ATHENS, Ga. - Dub it the SEC-ACC Kickoff Classic.
Call it the Peach Belt Border War.
Declare it the SAT score tiebreaker between the 49th and 50th ranked states.
Whatever motivation suits your fancy, just play it.
Clemson vs. Georgia is exactly the way college football season should begin. Saturday night's primetime season opener at sold-out Sanford Stadium - a 31-28 Bulldog victory - was as good as it gets.
Don't let another generation of players fail to understand the meaning of a Georgia-Clemson rivalry. Don't make the fans wait until the NCAA augments the schedule again to renew old flames.
Clemson and Georgia should play each other every year. Not just that, they should play each other on opening day every year.
The last time these tightknit neighbors met in a season opener in 1982, they were the two most recent NCAA champions. Georgia won and was so inspired it went on to win its very last SEC title. Clemson was so angered by its only loss that it just had to win the ACC title to feel better about itself.
That game had meaning. Saturday night's game had meaning - certainly more meaning than last year's openers for the two schools against Arkansas State and Central Florida.
The only people who want to open seasons against So-and-so States and Mid-major Directional Universities are coaches.
We'd rather see real games against real teams with real consequences. All Georgia fans got out of last year's Arkansas State kickoff was the realization that the Bulldogs could beat a bad team in a glorified preseason game.
Leave the preseason to the NFL. This is the South. Let's play real ball.
Even Georgia coach Mark Richt admits facing Clemson is frightfully more entertaining than hosting a patsy.
"There's a big difference this year and last year in just the opponent," Richt said this week. "When you looked at tape of Arkansas State last year and looked at us, you felt like we had a pretty good shot of winning if we don't blow it.
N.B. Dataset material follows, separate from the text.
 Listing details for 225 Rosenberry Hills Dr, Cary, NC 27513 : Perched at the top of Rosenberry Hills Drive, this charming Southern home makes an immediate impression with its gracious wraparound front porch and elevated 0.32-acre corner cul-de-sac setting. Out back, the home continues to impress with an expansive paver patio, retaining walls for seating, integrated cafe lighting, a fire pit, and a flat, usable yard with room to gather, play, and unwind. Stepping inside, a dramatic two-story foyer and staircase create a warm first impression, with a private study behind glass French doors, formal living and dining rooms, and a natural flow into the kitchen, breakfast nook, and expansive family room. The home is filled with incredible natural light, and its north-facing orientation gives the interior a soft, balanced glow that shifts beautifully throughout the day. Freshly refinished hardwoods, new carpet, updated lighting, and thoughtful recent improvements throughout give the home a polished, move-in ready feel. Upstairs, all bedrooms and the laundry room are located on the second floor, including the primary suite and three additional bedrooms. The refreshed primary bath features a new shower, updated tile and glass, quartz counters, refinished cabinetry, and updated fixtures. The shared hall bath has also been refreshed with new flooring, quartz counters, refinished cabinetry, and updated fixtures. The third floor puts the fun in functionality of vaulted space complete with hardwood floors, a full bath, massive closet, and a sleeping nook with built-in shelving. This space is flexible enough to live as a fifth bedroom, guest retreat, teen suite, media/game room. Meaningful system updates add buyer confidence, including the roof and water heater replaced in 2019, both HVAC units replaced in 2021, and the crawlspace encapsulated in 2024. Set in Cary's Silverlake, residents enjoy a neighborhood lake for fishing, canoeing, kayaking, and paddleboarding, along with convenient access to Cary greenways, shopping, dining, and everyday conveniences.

This year we're playing a team that has played in an awful lot of big games and recruits the same players you recruit."
Athletic directors will give you all sorts of viable reasons for why powerhouse schools such as Georgia and Clemson can't afford to add each other to an already crowded schedule.
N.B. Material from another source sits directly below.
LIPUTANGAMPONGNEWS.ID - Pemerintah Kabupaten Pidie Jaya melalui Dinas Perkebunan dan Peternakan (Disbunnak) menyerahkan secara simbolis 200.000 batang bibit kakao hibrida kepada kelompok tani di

Big schools must have six home games to satisfy the finances and the fans. Georgia plays Florida in Jacksonville, Fla., every year, meaning only three conference games are at Sanford Stadium.
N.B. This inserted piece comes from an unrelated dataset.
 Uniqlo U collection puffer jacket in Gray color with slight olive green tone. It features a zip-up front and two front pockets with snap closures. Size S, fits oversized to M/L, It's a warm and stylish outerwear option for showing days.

Solution: move Georgia-Florida to the home-and-home rotation. Sure it might cost a little revenue generated by the so-called World's Largest Outdoor Cocktail Party, but the return of competitive balance in the series would be worth the cost. And Florida can add Miami to its permanent opponent roster and everybody leaves happy.
"I understand the six home games and the financial considerations," said former Georgia quarterback Buck Belue. "But when you start playing football in 1897, you should just play football. Some things should not be about the money."